AMD is once again showing its incredible prowess in supporting the computing needs of the world as they power everything from Microsoft to Google and also the new Frontier supercomputer.

Sitting in the front seat of exascale computing with Frontier

Frontier Supercomputer AMD 2

For one, true exascale computing is finally delivered through the new US-based supercomputer Frontier. Winning the crown of the Top500 list for computing power and Green500 lists for best energy-efficient computing, the entire system located at Oak Ridge National Laboratory delivers a crazy 62.68 gigaflops/watt performance which results in a mixed-precision number of 6.86 exaflops measured in High-Performance Linpack-Accelerator Introspection which is literally never been seen before, although the numbers for general performance are at 1.1 exaflops.

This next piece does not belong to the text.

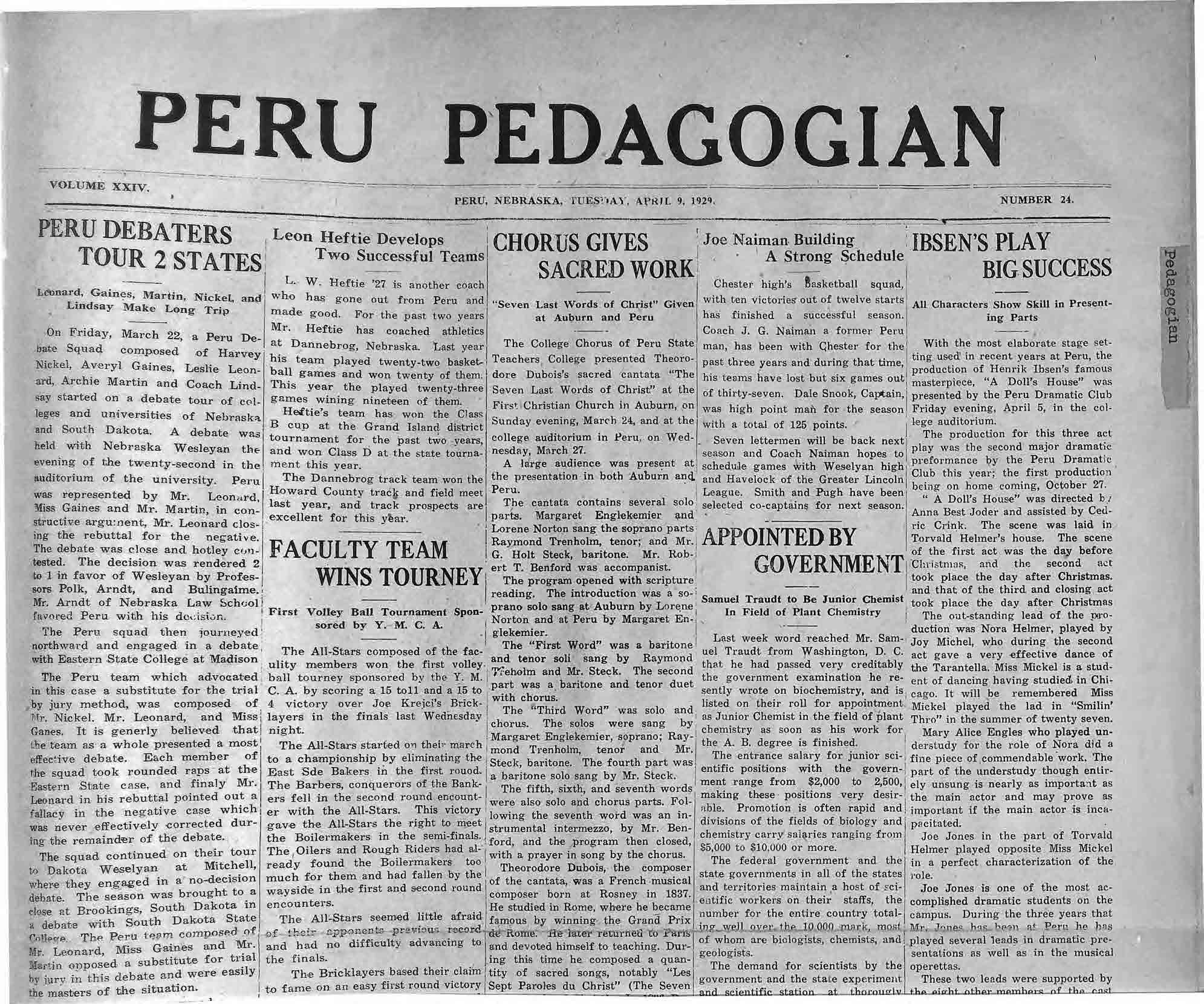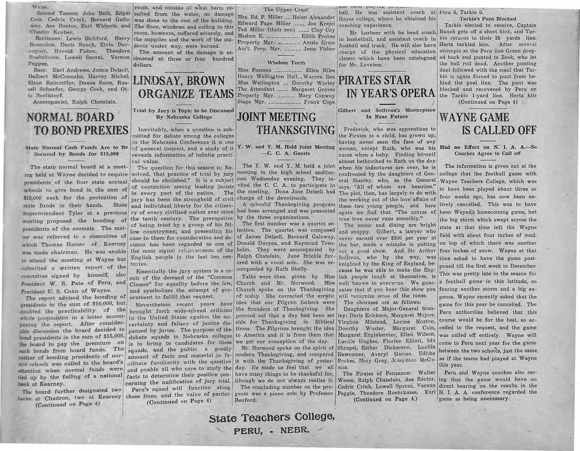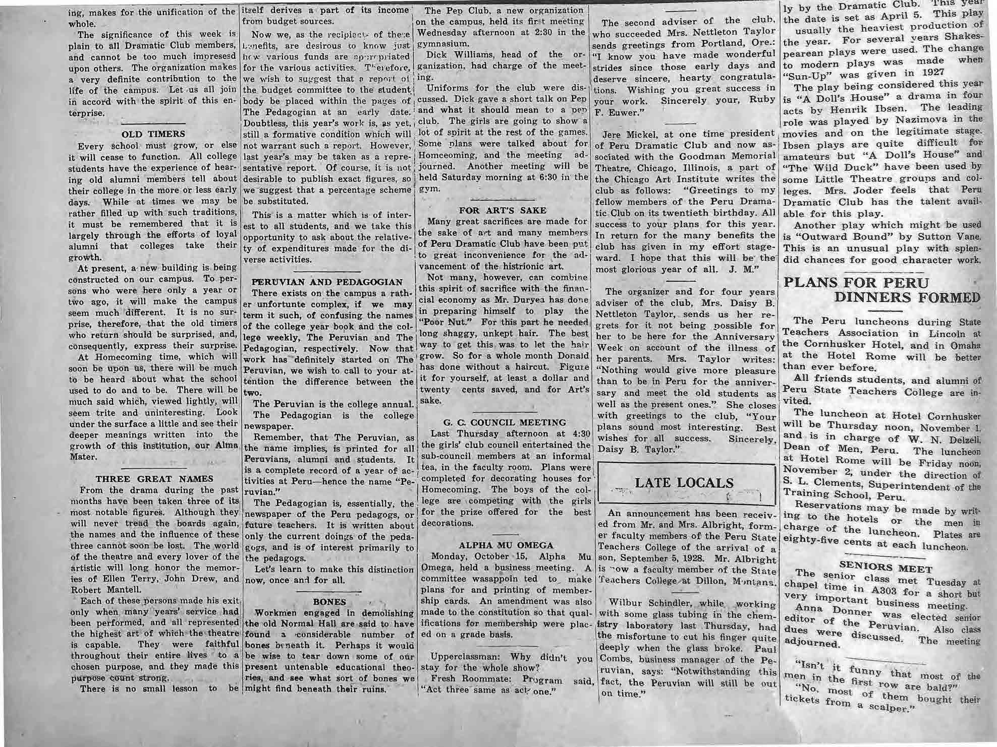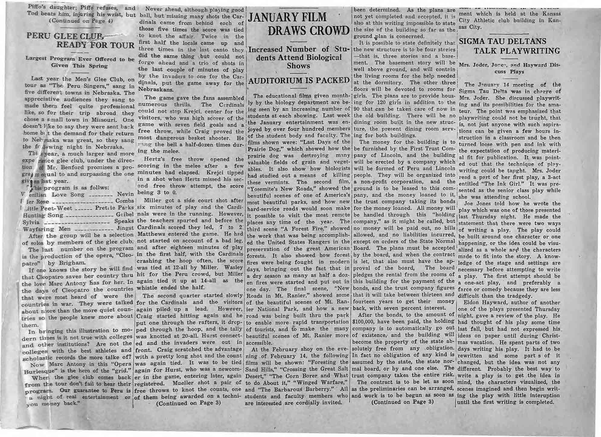A!-te r. the t.a lk t h.ere was a soc j al been receiving the attention of Mrs. music al phraseology. Repeated bits Peru, Nebr. !Hei t.z f or t he pr esent, period m w hich the old and new Joder club sponsor. Tryouts are in of the French anthem, the Ma rseilles., Deb a te Edi t or ____ Ern est Hassel blad j to divi.de his time b etween win g a nd bec am e a cquaint ed. pr0<gress at present, and the cast will are to bp heard in the refr ain. Mr. Per u, Nebr. fullb ack O ffi cers for t he present s chool be a nnounced in a few d ays. This Do•yl•e was accompanied by Mr. R. T. . Each mem ber o:fl t he st aff h as bee n I Fr es hmen Stronger Than Usu al year fo llow: is a play of college athlet ic life, and Benford. • g1v-en work for t he coming yea r. and I This yea r's fresh men st ock has James . Delzell President w ill b e, in dr am atic t one, a rather Again last Friday the Music de- j everyt hin g is wOi·ki ng smoothly. ! taken a j ump considera ble abo'Ve par. Wilbur Schindler __ Vice Pr eside nt light comedy. had charge of the pro g ram, Mnr. h of sp ort materi a l_ nnd j T he squad s eems to be e nElton 'Reinmiller - -Tre asur er t his time presenting Mr Jindra and news_ t_h e colleg e will be I d ow:d plen ty of fight a nd h ave Leo Ha uptman Secretary'

As the system readies for more testing and validation, it will start to contribute to scientific research starting in 2022 by partially and going full force starting early 2023.

In case you’re intrigued by the sheer number of cabinets, there are a total of 74 of them comprising 9400 CPUs and 37,000 GPUs to handle all the 3D simulation and ultra-large data set processing and to tame it down to operational temperature, 4 high-powered pumps pushing 25,000 liters of water each and every minute is all it takes.

Microsoft and Google bolstering the power of cloud

Moving on to the partners, Microsoft is continuing its effort in boosting the power of the Azure cloud platform by announcing the installation of AMD’s Instinct MI200 accelerators to power future large scale AI workloads in addition to further optimization worked together by the PyTorch Core Team and the folks over at AMD data centers. As a result, they will join the just announced Azure HBv3 virtual machines that utilize 3rd Gen AMD EPYC processors with 3D V-Cache for all sorts of workloads.

As for the same deployment of the strongest EPYC chips to date, Google is also following suit by leveraging the power of Confidential Computing on the latest Google Compute Engine (GCE) N2D and C2D virtual machines (VMs) that fulfills the requirements of high performance, general computing, and highly optimized. They are available in regions across the globe, including us-central1 (Iowa), asia-southeast1 (Singapore), us-east1 (South Carolina), us-east4 (North Virginia), asia-east1 (Taiwan), europe-west4 (Netherlands) and more while Confidential VMs are available anywhere N2D and C2D machines are available.